According to the American Diabetes Association (ADA), although Type 1 and Type 2 diabetes are linked to genetic predispositions, family history plays a greater role in the onset of Type 2. While external factors like diet and exercise do have a significant impact on how and when the condition sets in, the ADA states that, based on identical twin studies, if one sibling is diagnosed with Type 2 diabetes, there is a 75 percent that the other will be too. For Type 1 diabetes, that number drops to 50 percent.

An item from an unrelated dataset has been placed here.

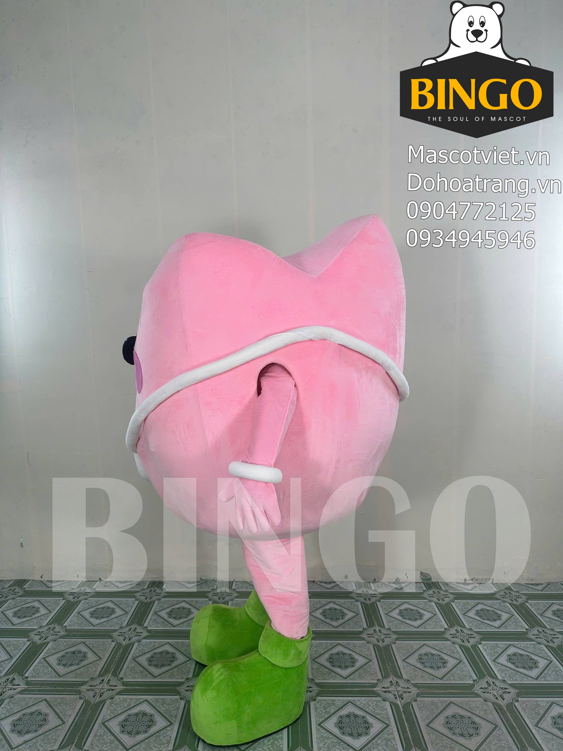 Phần chân và tay được phối màu xanh lá tươi, tượng trưng cho cành lá hoa tulip, tạo nên tổng thể hài hòa, sinh động và gần gũi. Chất liệu vải nhung cao cấp giúp mascot mềm mại, dễ di chuyển và thoáng khí khi sử dụng trong sự kiện.

However, recent findings from Lund University in Sweden have indicated that researchers may be on their way to better understanding the genetic aspects that factor into the disease. ScienceDaily reports that, instead of zeroing in on a specific gene variant that has been linked to diabetes, the Swedish scientists decided to broaden the scope of their studies to observe the role other genes may play in the body’s ability to secrete and moderate insulin.
Study author Leif Groop, a professor in department of endocrinology, explained that his research team used the 47 gene variants associated with diabetes as a starting point to determine how other genes in the body contributed to the condition.
“We have to map patterns because a single gene rarely acts on its own,” Groop stated. The source reports that Groop and his research team analyzed cells from diabetics and nondiabetics, using the known gene variants as “bait” and observing how they interacted with other elements. The study was published in this month’s edition of the scientific journal Cell Metabolism.
The benefits of this approach were clear: according to Groop, the researchers were able to account for 25 percent of blood-sugar abnormalities with this method. Prior studies have only managed to explain between 2 and 3 percent, he said. As a result, taking a broader approach could have a positive impact on the treatment and, potentially, the prevention, of Type 2 diabetes.